Sunday, October 7, 2007

S u n d a y, o k n o s a y?

THE DAY: 10/07/07
THE TIME: 6:07
THE MUSIC: Tim McGraw; Taylor Swift
THE MOMENT: My new hat. My old pajamas. Bum on the bed. Laptop on the lap. A Sunday.

I have this habit of people-watching. I tend to try and interpret those in passing. Example. “Ooooo there was definitely a mysterious disposition about him” or “What an optimistic way of walking.” But sometimes I think something mean about them. No examples necessary on that one on account of it would negate my entire purpose which is as follows: lately I’ve been working on being less judgmental. Whenever I think something negative, I shove it out of my head and then pray that I can become better, that I can see them from the more loving child-of-god perspective. I’ve been getting better! However, the one thing I especially struggle with, is bleach blonde kids. Boys, girls, doesn’t matter. My head has a spaz-reaction to them. I almost want to claim that its involuntary, but I won’t because that’s a dumb cop-out.

There’s a big window in the Smith Field House that overlooks the courtyard-type area by the RB. I sit up there on a couch with my loves after aerobics while we’re waitin for Family Life to start. It’s a great time to read or write or just breathe and de-sweat your raunch-nast-aerobics self. (One time Tyler Yates walked by, personally witnessing the lyndsi-shae-raunch-nast-aerobics experience. I was almost embarrassed, but, knowing that I have surely not fooled anyone into thinking that I am the victim of perpetual glamour, I got over it pretty fast.) I was writing up there two Thursdays ago when a big group of Samoan boys walked by underneath. Oh the distraction. They were just GLORIOUSLY MANLY. Havvvvve Mercy.

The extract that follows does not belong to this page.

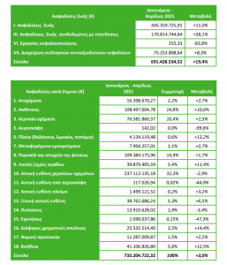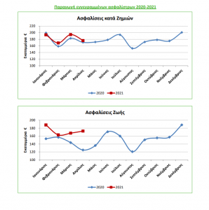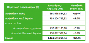 Σύμφωνα με τα στοιχεία αυτά (κατόπιν προσαρμογής των δεδομένων του προηγούμενου χρονικού διαστήματος με νεότερες απαντήσεις), από τη σύγκριση των δηλώσεων παραγωγής ασφαλίστρων των μηνών Ιανουαρίου – Απριλίου του 2021 των ανωτέρω επιχειρήσεων με τις αντίστοιχες της ίδιας περιόδου για το 2020 των ιδίων επιχειρήσεων, προκύπτουν τα παρακάτω:

Some words get on my nerves. Example. Chloe. It’s a pretty cute name to say, but annoying to read. The type of annoying that’s not too overbearing, but just agitating enough to be absolutely obnoxious. I mean c-h-l-o-e… are you serious? Something in there should tap you on the shoulder and say “Hey, I’m two syllables… just so ya know. K thanks.” Honestly. It makes me crazy.


Guess what?! The other day I was walking home from class. As I cut across the street, a boy passed in front of me. He was wearing a black t-shirt and bright blue pants. He also had those shoes with the fat tongues that poke up bravely above ankle-level. It was just BAM enough to make him unique looking, but not so much as to overpower the entire campus with some kind of arrogant sauntering implication. Without thinking I look at him and said “Alas I am truly in love.” Luckily, I‘m pretty sure I only said that in my head. And the biggest deal is… he had bleach-blonde hair! Yeah! Hellooo? Progressionnnn!!! I am getting so much better.

Today my Stephy Jay was making wheat bread. I’m talkin standing over a kitchen table covered in flour, kneading dough. Her hair was all loose around her shoulders, kinda curly. Her face was focused and kind. She was singing in and out of different country songs….
Who would not want that woman?! I feel that way about all my loves.
I often find myself wishing I could save our moments and show them to strangers.


L y n d s i S h a e

1 comment:

siovhan said...

I love that new hat of yours

I love bleach blonde kids. In fact, I've always dreamed of having SUPER blonde, blue eyed, gorgeous babies. Seriously. That might be part of the reason I love my lunch date boy.

Okay, along the lines of your Chloe thing--there is a baseball player named Chone (pronounced Shawn). It makes my head go all fuzzy.

I want to be Stephy J when I grow up.